A low-cost temperature sensor based on long period fiber gratings with linear wavelength transmission characteristics

The discovery of photosensitivity in germanosilicate fibers and the invention of the side writing technique has made fiber Bragg gratings (FBG) suitable as narrow band filters in fiber optics communications. In parallel, Bragg gratings also find wide applications in the area of sensing systems, such as temperature and strain sensors. But from the past temperature sensing experiments, we found that Bragg gratings suffer from the limited temperature sensitivity (similar to 0.04nm/degrees C at 1550nm) and often require complex and expensive interferometric techniques to detect measurand-induced wavelength shifts.

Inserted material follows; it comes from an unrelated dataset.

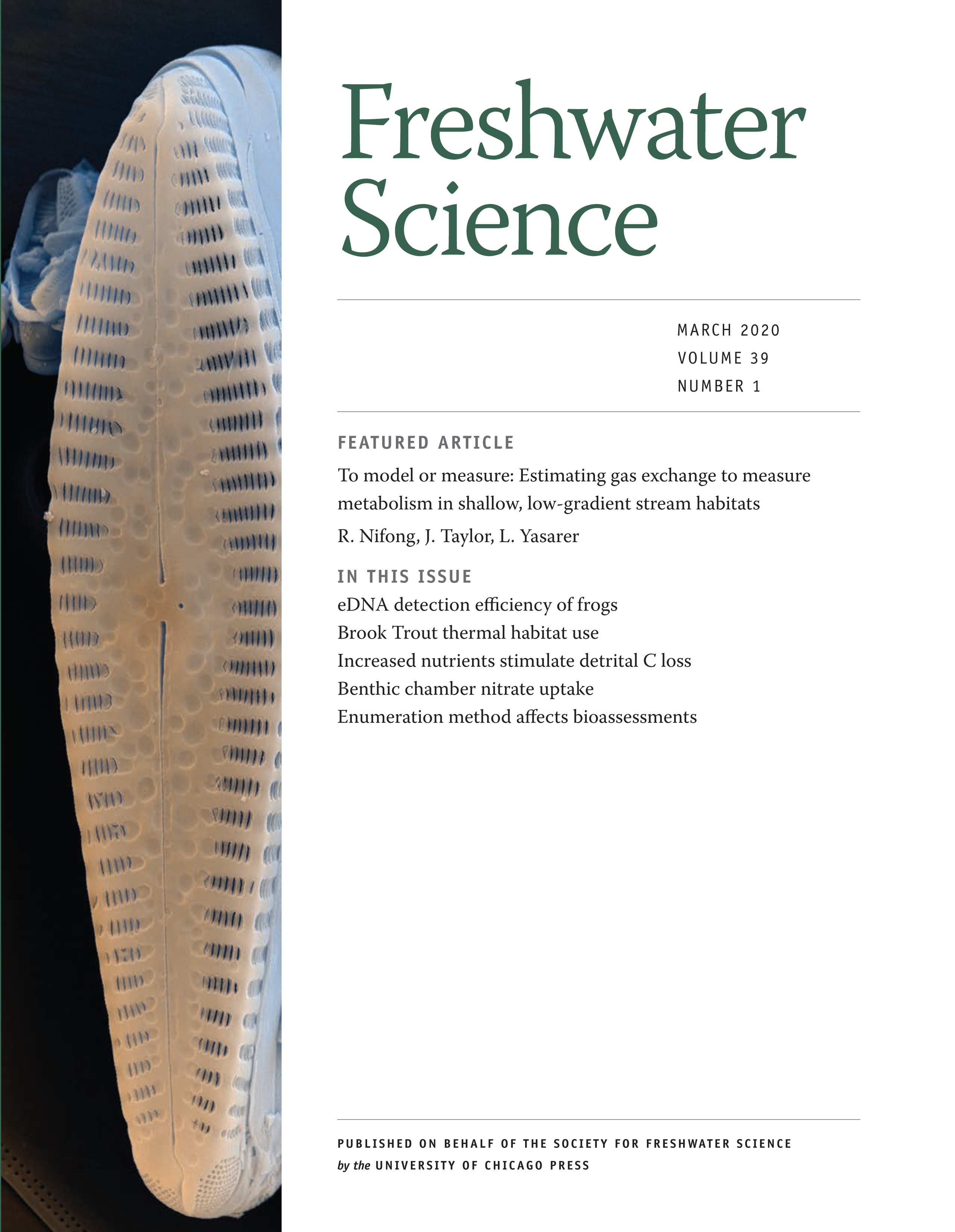 SFS membership includes access to all current and past issues of Freshwater Science. Featured articles are available below, courtesy of University of Chicago Press and the Society for Freshwater Science.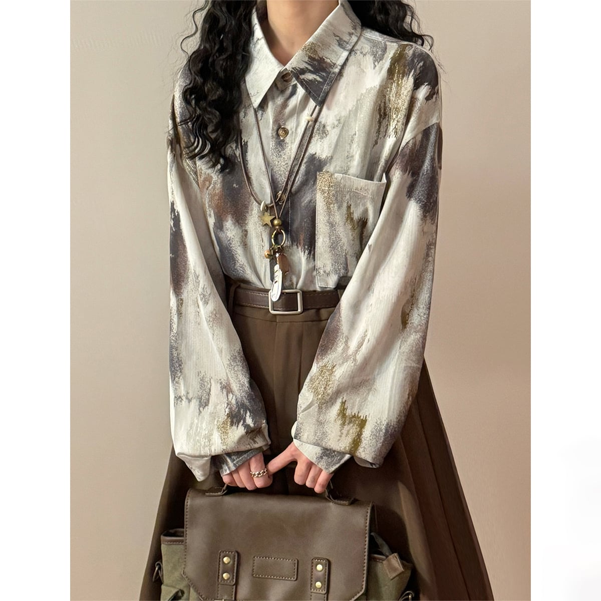 ✿秋新作!【UATONLINEシリーズ】★シャツ★ ネックレス付きシャツ 長袖シャツ 油絵風 男女兼用 メンズ

On the contrary, long period fiber gratings (LPG) have attracted many interests for temperature sensing systems owing to their superior thermal sensitivity. It has been demonstrated that a long period fiber grating has the thermal sensitivity 5-10 times greater than that of a FBG(1,2). However it is difficult to accurately measure the center wavelength of a LPG because of its large bandwidth(3,4). Besides, since the LPG has no reflection spectrum, it would require additional instrumentation compared to FBG interrogation techniques. Vensarkar et al. have used a narrow linewidth light source centered at one side of a LPG's peak loss wavelength and a photo-detector to measure the varying transmission power(5). They found an approximately linear relationship between temperature and transmission power in logarithmic scale. In this paper, however, we demonstrate a novel scheme to measure the transmission power in linear scale using a hybrid sensor consisting of a FBG and a narrowband LPG(6).